* Input data *
# # # # # # #

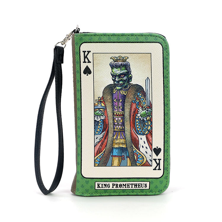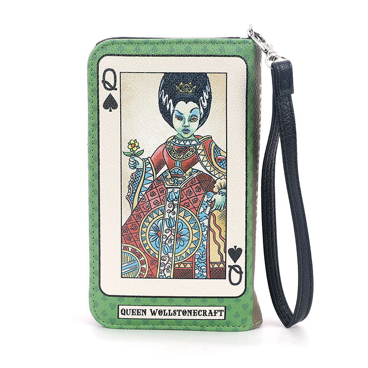 Button clasp closure. Includes a detachable 6" wristlet strap.
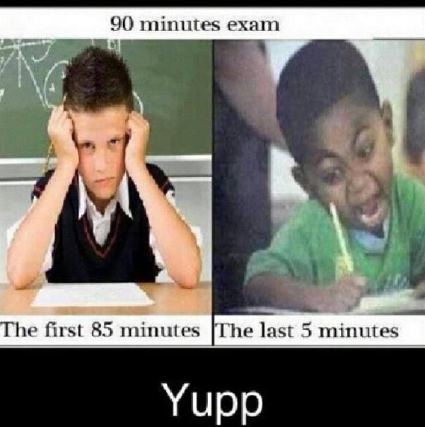 The meme shows a split image. The left side shows a boy with his hands on his face looking bored, and below the picture is written "The first 85 minutes". The right side shows a boy looking stressed and writing, and below that, it says "The last 5 minutes". Above both is "90 minutes exam". Below both images is "Yupp."
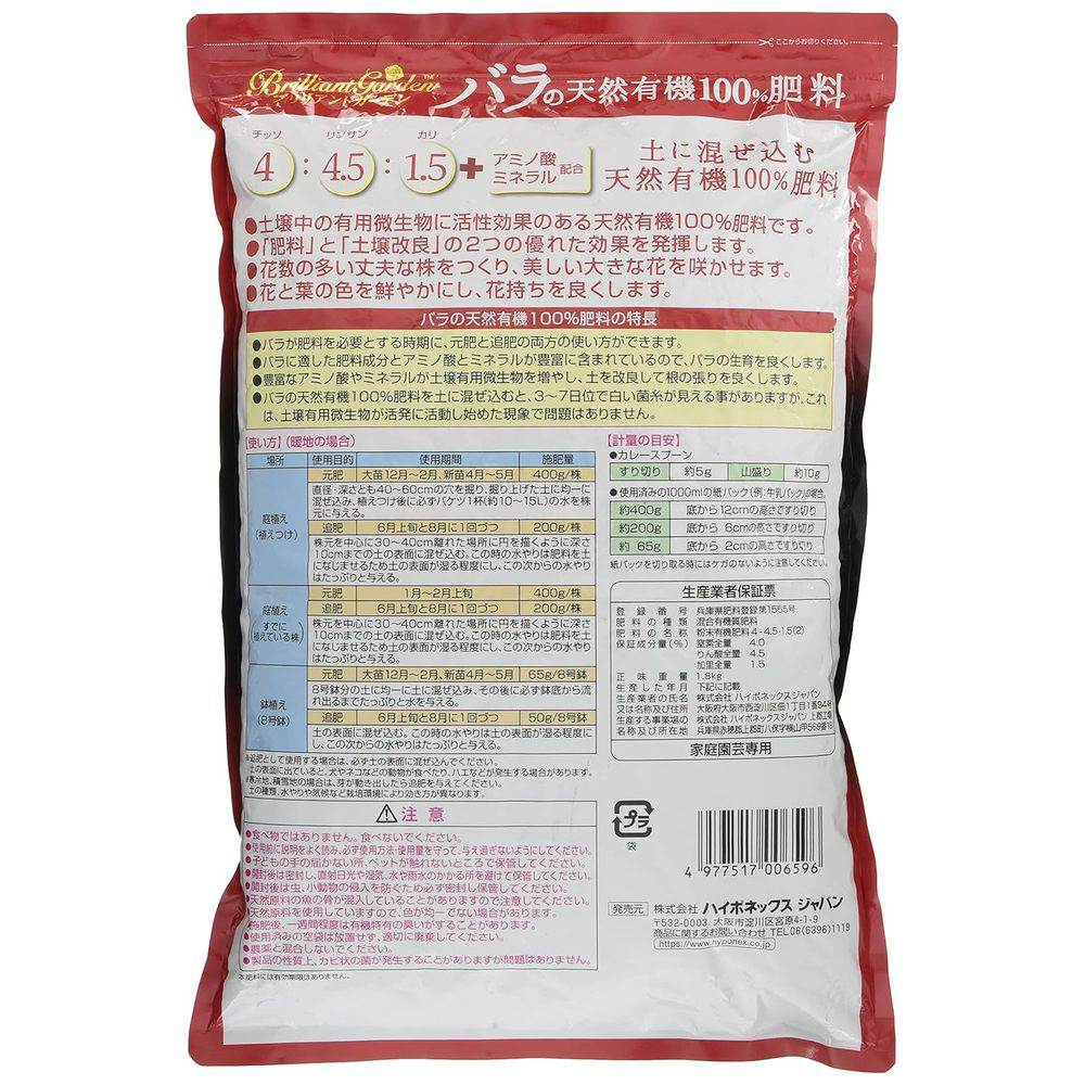 ブリリアントガーデン バラの有機肥料 1.8kg

# # # # # # #

* Brief *
Each line above is to be transcribed exactly, though its pictures are not.

* Solution *
 Button clasp closure. Includes a detachable 6" wristlet strap.
 The meme shows a split image. The left side shows a boy with his hands on his face looking bored, and below the picture is written "The first 85 minutes". The right side shows a boy looking stressed and writing, and below that, it says "The last 5 minutes". Above both is "90 minutes exam". Below both images is "Yupp."
 ブリリアントガーデン バラの有機肥料 1.8kg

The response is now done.